The package is shipping with the public sequence of a phage, and will use this as a conveniently small toy genome.

import railroadtracks.model.simulate
reference_fn = railroadtracks.model.simulate.PHAGEFASTA

We also need an indexer (indexing part of an aligner).

The working environment we created contains an attribute activities that acts a namespace of activiyies declared in the model. Writing env.activities and hitting <tab> on ipython would list the options available.

Here we select bowtie2.

bowtie2index = env.activities.INDEX.bowtie2build

Aligning reads using bowtie2

The object bowtie2index is a “step” that can perform the indexing of reference genome. The embodiment of that step into a task, that is the application of the step to a specific set of input file requires the definition of the associated assets.

The assets are basically the input files (source assets) and the output files (target assets).

Each step contains a nested class Assets, itself with a nested class Source and a nested class Target. These should be used to construct our assets.

try:
    source = bowtie2index.Assets.Source(reference_fn)
except Exception as e:
    print('Error: %s' % str(e))
Error: The object "'/usr/local/lib/python2.7/site-packages/railroadtracks/EF204940.fa'" was expected to be of type <class 'railroadtracks.model.files.FASTAFile'> (but is a <type 'str'>)

Again, error messages are meant to be rather explicit. Here the model is typing the input assets (which allows early consistency checks). The error disappears when the required class is used.

reference_fasta = rnaseq.FASTAFile(reference_fn)
source = bowtie2index.Assets.Source(reference_fasta)
display(source)
Name Class
reference <class 'railroadtracks.model.files.FASTAFile'> ("defined")

When thinking about a task, we let one focus on the input for the task while deferring the definition of the output (where the files will be stored) to a later stage (and even have it handled for you).

Target assets can be created as “undefined”.

target = bowtie2index.Assets.Target.createundefined()

display(target)
Name Class
indexfilepattern <class 'railroadtracks.model.aligners.SavedBowtie2Index'> ("undefined")
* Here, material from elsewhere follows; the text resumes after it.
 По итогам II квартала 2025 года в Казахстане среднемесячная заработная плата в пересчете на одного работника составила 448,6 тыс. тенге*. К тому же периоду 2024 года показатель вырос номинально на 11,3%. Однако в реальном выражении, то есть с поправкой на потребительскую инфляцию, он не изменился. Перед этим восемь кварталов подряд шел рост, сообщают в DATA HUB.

Building the complete set of assets is done by combining the source and target assets.

assets_index = bowtie2index.Assets(source, target)

Whenever the target assets are undefined, one can implicitly mean it by using Python’s None or omitting the target altogether:

assets_index = bowtie2index.Assets(source, target=None)
# or
assets_index = bowtie2index.Assets(source)
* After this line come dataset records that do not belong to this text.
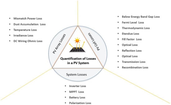 Depending on the nature of the losses experienced in a PV system reported in the literature, we broadly and briefly classified the major types of losses that are responsible for the reduced efficacy of whole PV systems at the PV cell level, array level, and system level and presented them in a pictorial form. Further, we discussed potential solutions to overcome fundamental and extended losses in PV systems. This illustration may become a brief and useful guide to create awareness of issues that may occur at the PV cell fabrication level and how they affect the whole PV system.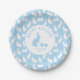 Prato De Papel Padrão de Coelho Azul Claro e Branco Feliz Páscoa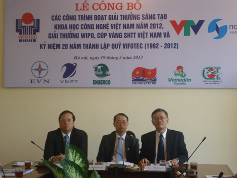 Chiều 19/3 tại Hà Nội, Quỹ Hỗ trợ sáng tạo kỹ thuật Việt Nam (VIFOTEC) thuộc Liên hiệp các Hội Khoa học kỹ thuật Việt Nam tổ chức họp báo công bố các công trình đoạt Giải thưởng sáng tạo Khoa học Công nghệ Việt Nam, giải thưởng của Tổ chức sở hữu trí tuệ Thế giới (WIPO) và Lễ kỷ niệm 20 năm thành lập Quỹ Vifotec (1992 - 2012).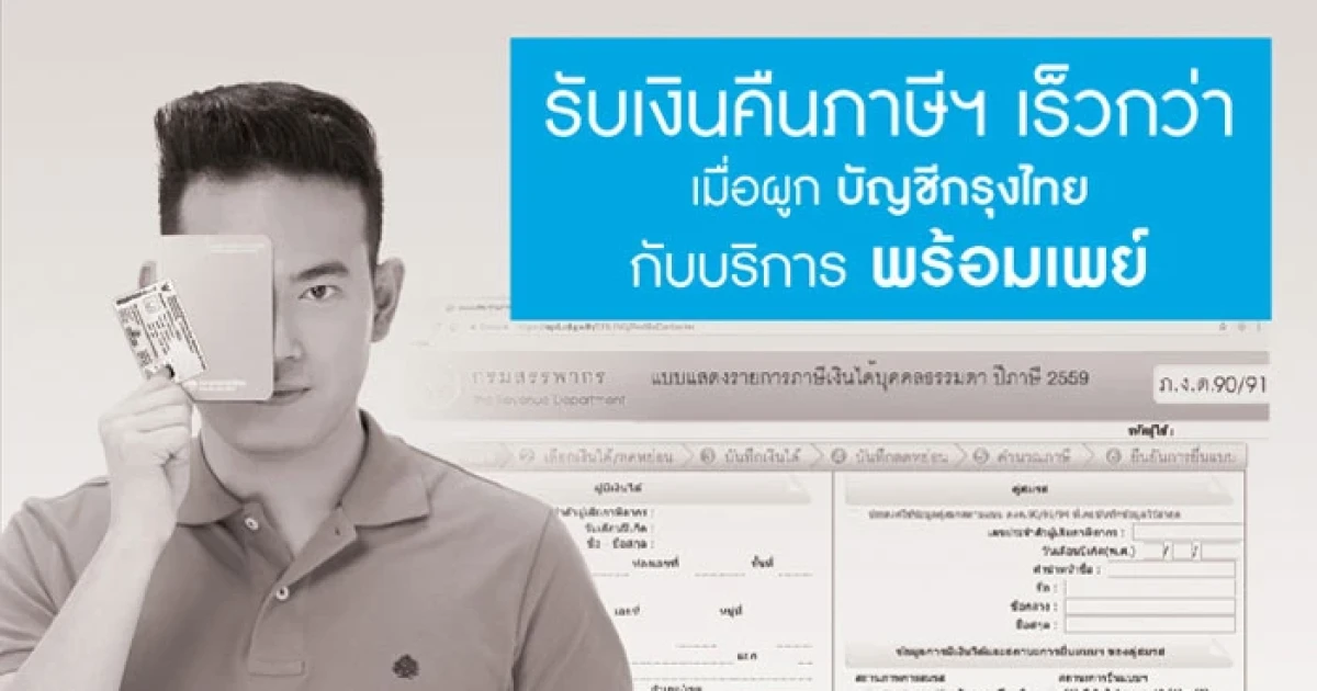 รับเงินคืนภาษีฯ เร็วกว่า เมื่อผูกบัญชีกรุงไทยกับบริการ "พร้อมเพย์" ด้วยเลขที่บัตรประจำตัวประชาชน สะดวก ปลอดภัย ไม่ต้องรอรับเช็คหลังจากที่กรมสรรพากรได้รับข้อมูลการยื่นรายการภาษีฯ ครบถ้วน

With both a step and assets, we can now create a task:

Note that the task is labelled as “To do”...

task = project.add_task(bowtie2index, assets_index)
display(task)
ID1
Info(1, u'To do', 1434847392.997949)
StepBowtie2Build
Source
Name Class
reference <class 'railroadtracks.model.files.FASTAFile'> ("defined")
Target
Name Class
indexfilepattern <class 'railroadtracks.model.aligners.SavedBowtie2Index'> ("defined")
Parameters()
task.info
(1, u'To do', 1434847392.997949)
task.task_id
1

Note that the target is now fully defined. This was performed automatically by the framework.

display(assets_index)
<railroadtracks.model.aligners.Assets at 0x7f31e411be50>

Thanks to the persistent layer, adding tasks can be done without having to explicitly keep track of the operations already performed. Identical tasks will be identified as such and a unique ID is assigned to them.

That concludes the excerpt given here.